Marketplace potential. Sub-workflows can be published to the agent marketplace. A tax accounting firm could publish a "Russian Tax Calculation Q4 2026" sub-workflow that other businesses install and use.
Sub-workflows are parameterized: the parent workflow passes data in, the sub-workflow processes it, and returns results. The sub-workflow has its own execution trace, nested inside the parent's trace. Observability is preserved at every level.

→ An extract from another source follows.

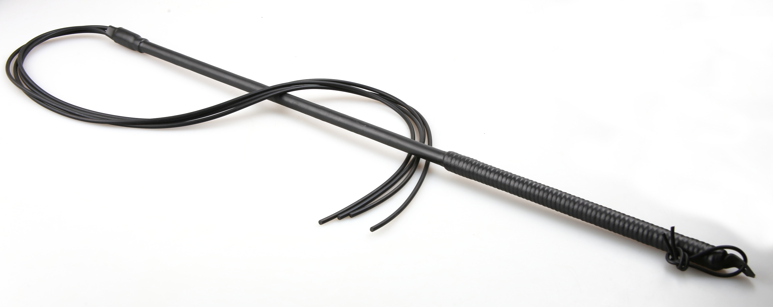 Der schlanke, präzise Griff liegt sicher in der Hand; daran folgen vier identische Stränge von jeweils ca. 60 cm Länge, die zusammen mit dem Griff eine Gesamtlänge von über einem Meter ergeben.

Today, when a workflow fails, you look at the execution trace and diagnose the problem yourself. This works — the traces are detailed — but it requires the user to (a) notice the failure, (b) open the trace, (c) understand what went wrong, and (d) know how to fix it.
AI-powered trace analysis automates steps (b) through (d). When a workflow execution fails, an analysis agent automatically:
Examines the execution trace — which node failed, what was the error, what were the inputs and outputs leading up to the failure
Identifies the root cause — "The Stripe API returned a 401 Unauthorized error on node charge_card, suggesting the API key has expired or been revoked."
Suggests a fix — "Update your Stripe API key in the connector configuration. The current key was issued on March 12, 2026 and may have been rotated."
Optionally applies the fix — for simple issues (retry the execution, adjust a timeout, switch to a fallback provider), the agent can fix and rerun automatically with user approval.
The analysis is presented as a natural language summary alongside the technical trace. A non-technical user sees: "Your payment workflow failed because the Stripe connection needs to be refreshed. Click here to update your API key." A technical user can drill down into the full trace for deeper investigation.
Today, you can see workflow failures if you open the dashboard and check. That's fine for workflows you run manually. It's useless for always-on agents that run unattended.
The alerting system lets you configure:
Thresholds. "Alert me if the error rate for any always-on agent exceeds 5% in the last hour." "Alert me if the p95 execution latency exceeds 30 seconds."
Channels. Slack, email, Telegram, in-app notification, webhook (so you can integrate with PagerDuty, OpsGenie, or your own alerting infrastructure).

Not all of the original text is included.